When I recently discovered Mark Adam’s travelogue Turn Right at Machu Picchu: Rediscovering the Lost City One Step at a Time on a best-of travel writing list, I jumped at the chance to re-live our own Machu Picchu trek from 2014, filling in the contextual gaps a long six years later.

Hiram Bingham III is widely credited with the 1911 “discovery” of Machu Picchu during an era of competitive exploration and a booming international interest in the world’s forgotten or unseen sites. (National Geographic Magazine, for example, boomed in the early 1900s following an increased focus on photojournalism.) But of course Bingham didn’t actually discover Machu Piccchu; existence of the now-famous ancient Incan site has always been known by local communities, and Bingham’s role is (now) more accurately identified as “initiating the scientific discovery of” or “making known to the public.”

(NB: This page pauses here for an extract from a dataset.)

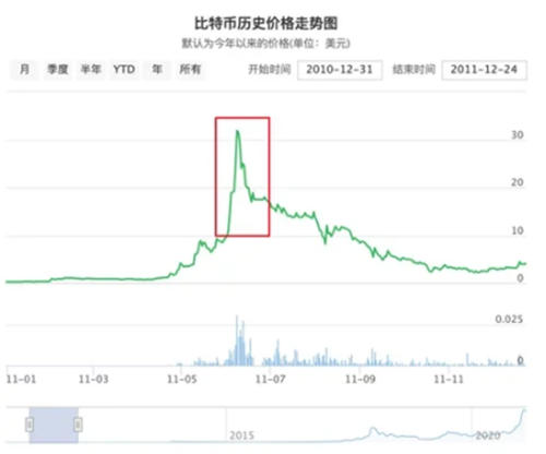 好景不长,Mt.Gox交易平台出现网络黑客袭击事件,加上那时候市场深度不够,几个卖盘下来,价格就难以支撑点,因此2011年6月到11月,BTC价格从高些32美元下跌至2美金,下滑达94%。虽然此次比特币的大幅度波动劝退了一部分人员,却也让广大认可它的价值的投资人看到了比特币的发展潜力,坚定再次项目投资坚定的信念。

Many tales of adventure can be wrapped up with a conclusive bow: Tenzing and Hillary summit Mount Everest; Amundsen reaches the South Pole. But Bingham’s 1911 quest for the “lost city of the Incas” has continued to stir up controversy during the 100+ years since, from frequent claims of undue credit to allegations of stolen and smuggled ancient artifacts. (As recently as 2011, a century-long custody battle between Peru and Yale University, the expedition’s sponsor, over artifacts excavated and brought to the US by Bingham resulted in Yale finally relinquishing them to their home country.) Alongside the pervading mystery surrounding Machu Picchu’s fundamental how and why, this lingering controversy is one reason the site has remained such a compelling story. 

For the 100-year anniversary of Bingham’s first encounter with Machu Picchu, author Mark Adams, a journalist for outdoor/travel magazines with no actual outdoor/travel experience, decides to follow in Bingham’s footsteps and discover Machu Picchu for himself. Having once before visited the site in a total tourist manner, for this journey, Adams is determined to trek as an explorer would. He finds himself a guide, an Aussie named John who is survivalist by nature, fluent in Quechua, and very much the antithesis to Adams’ inexperience. On this modern-day expedition, Adams and his guides spend weeks traversing the Sacred Valley, retracing Bingham’s footsteps through the region, aiming to “re-discover” the ancient Incan sites as Bingham first saw them 100 years prior. 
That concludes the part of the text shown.